The Caspian Basin, to which Afghanistan, Turkmenistan, Azerbaijan, Armenia, etc. belong, is the world’s second greatest oil and gas reservoir. Its oil reserves are next only to the Persian Gulf’s.
The richest parts of the Basin like Turkmenistan have been looking for outlets. The most attractive outlet would be a pipeline passing through Afghanistan to Pakistan-and India.
Politically, the New Great Game spells intense competition between Western oil companies using bribery and influence. They include giants like Shell, Exxon, Enron and Unocal.
The closest contestants have been an Argentinian company, Bridas, and Unocal, one of America’s dozen oil majors. Bridas was first to offer to build a pipeline from Turkmenistan through Afghanistan. It was outmanouevred by Unocal which used its connections with the US state department and Pakistan’s ISI.
Journalist Ahmed Rashid in his Taliban: Islam, Oil and the New Great Game in Central Asia, has documented how the US came close to recognising the Taliban; how serving US officers, including assistant secretary of state Robin Raphel, helped Unocal; how the oil majors drafted a galaxy of Americans, including Henry Kissinger, Alexander Haig, former US ambassador Robert Oakley, and Richard Armitage, currently deputy secretary of state.
Unocal pushed out its rival. The deal was: Washington would recognise the Taliban, which would favour Unocal over Bridas. (The deal fell through-because of instability.)
However, US interest in Central Asia’s oil is abiding. It is related to defending "American lifestyles", based on energy over-consumption. The coming war, then, will probably reproduce Iraq-1991 on a larger scale. That too was about controlling oil.
The double standards here are sickening. They are being masked with keywords like "crusade" and "clash of civilisations". At work globally, however, is not some conflict between "Christian" modernity and "obscurantist" Islam, but struggles within the same culture between secular-liberals and conservatives.
There is not one "Islamic" and one "Christian" but many varieties of each civilisation. "Clash of civilisations" tells us nothing about the real forces shaping the world, including economic competition, globalisation, clashing identities, or tensions between democracy and authoritarianism, between capitalism and human needs.
We in India must guard against four specific dangers. First, the way "anti-terrorism" is orchestrated, it can only further vilify Muslims. Communalists are equating jehad (struggle) with terrorism. This must be firmly resisted.
A second danger is sharpened India-Pakistan rivalry. Parochial rulers of both are pushing narrow, self-serving, agendas about "cross-border terrorism" and Kashmir. Both India and Pakistan are vying to become America’s ‘frontline’ partners and telling each other to "lay off". Two months after Agra, they are again war-mongering.

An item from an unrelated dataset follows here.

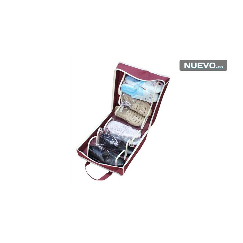 Грабнете на супер ниска цена практичния органайзер-чанта за обувки! Той ще бъде новата Ви любима придобивка, която ще Ви помага при пътуване или, когато искате да вкарате дома си в ред!

A third danger is that Pakistan’s nuclear weapons will fall into the hands of fanatics-in an anti-Musharraf mutiny, or in anticipation of US intervention to cap Pakistan’s (and India’s) nuclear capability.
This underscores the colossal folly of South Asia’s nuclearisation. All those "experts" who told us that nuclear weapons would induce "responsible" conduct in South Asia have proved disgracefully wrong.
Finally, the present war climate will spur militarisation of society and life. There are strong pressures for draconian anti-"terrorist" laws. Mr Advani, a Sardar Patel parody, is already talking of a special Central category of crimes like terrorism. He has wrongly equated SIMI with bin Laden by banning it.
Calls for "order", discipline, and "unity" against the "terrorist challenge" must be resisted. There must be no more vengeance, no more victims.